The paper argues that deployment-relevant alignment cannot be inferred from model-level evaluation alone, showing through an audit of 16 benchmarks and a cross-model stress test that user-facing verification support is absent and scaffold efficacy is model-dependent. It proposes a system-level evaluation agenda with alignment profiles and fixed-scaffolding protocols.
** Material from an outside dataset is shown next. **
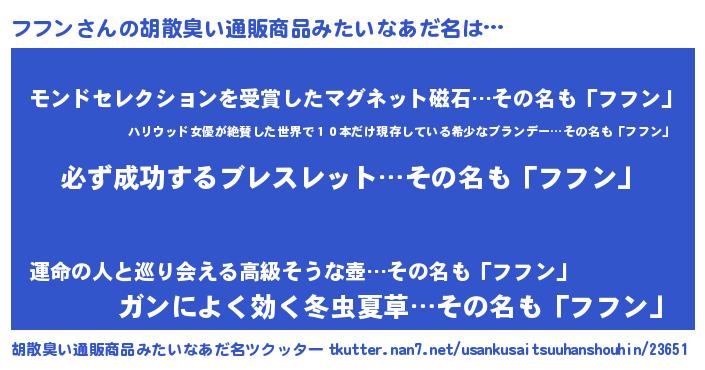 | ヒーロー風カッコイイあだ名 | 『スーパーフフン』『天空の使者フフン』 |
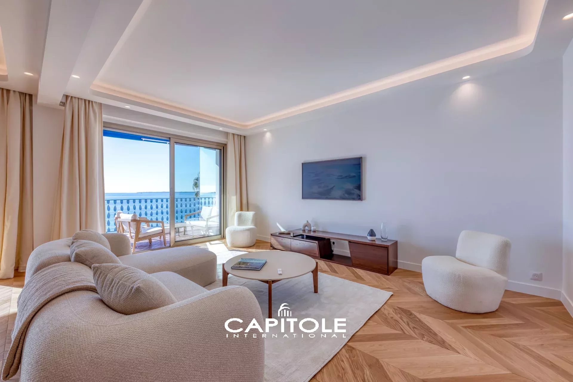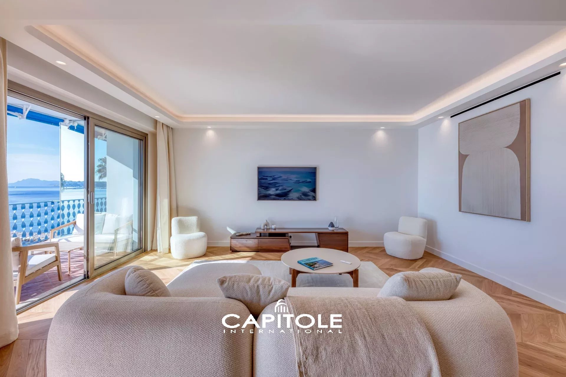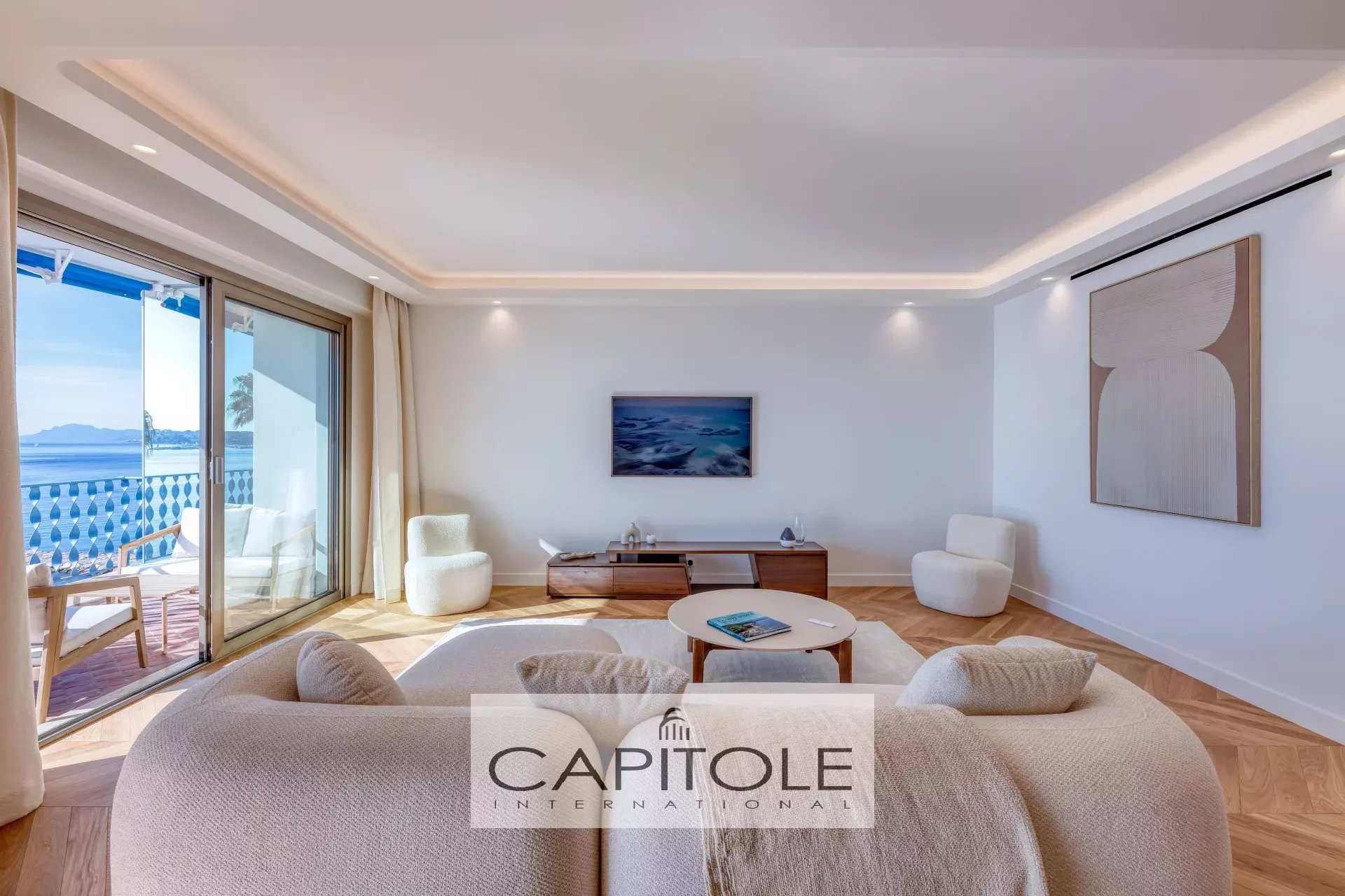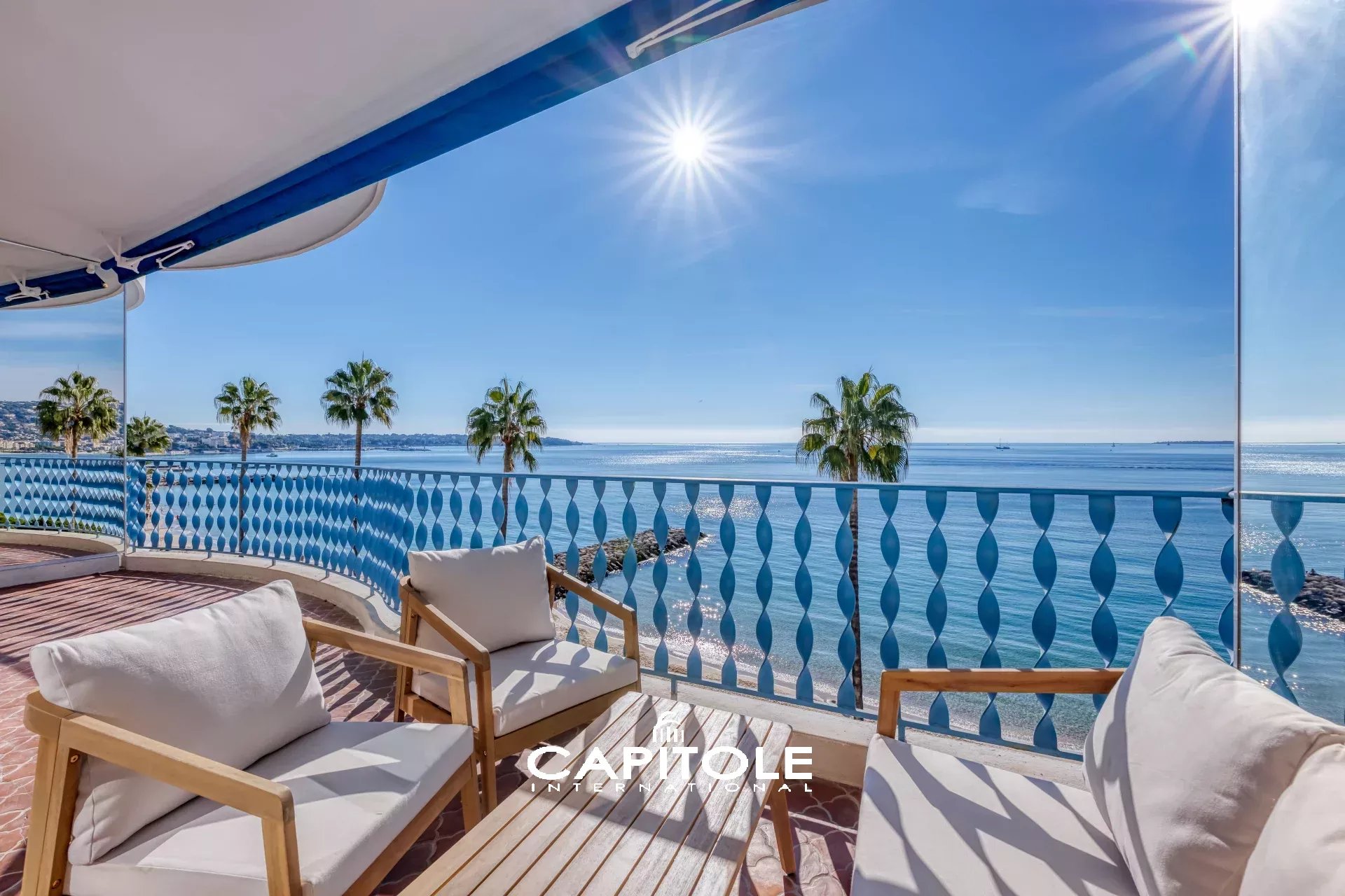 Vue mer panoramique à couper le souffle depuis ce spacieux 3 pièces traversant de 81 m² agrémenté d'une profonde terrasse sur la mer, les Îles de Lérins, le Cap d'Antibes et l'Estérel.

Alignment evaluation in machine learning has largely become evaluation of models. Influential benchmarks score model outputs under fixed inputs, such as truthfulness, instruction following, or pairwise preference, and these scores are often used to support claims about deployed alignment. This paper argues that deployment-relevant alignment cannot be inferred from model-level evaluation alone. Alignment claims should instead be indexed to the level at which evidence is collected: model-level, response-level, interaction-level, or deployment-level. Two studies support this position. First, a structured audit of eleven alignment benchmarks, extended to a sixteen-benchmark corpus, dual-coded against an eight-dimension rubric with Cohen's kappa = 0.87, finds that user-facing verification support is absent across every benchmark examined, while process steerability is nearly absent. The few interactional benchmarks identified, including tau-bench, CURATe, Rifts, and Common Ground, remain fragmented in coverage, and benchmark construction rather than data source determines what is measured. Second, a blinded cross-model stress test using 180 transcripts across three frontier models and four scaffolds finds that the same verification scaffold raises one model's verification support to ceiling while leaving another categorically unchanged. This shows that scaffold efficacy is model-dependent and that the gap identified by the audit cannot be closed at the model level alone. We propose a system-level evaluation agenda: alignment profiles instead of single scores, fixed-scaffolding protocols for comparable interactional evaluation, and reporting templates that make the inferential distance between evaluation evidence and deployment claims explicit.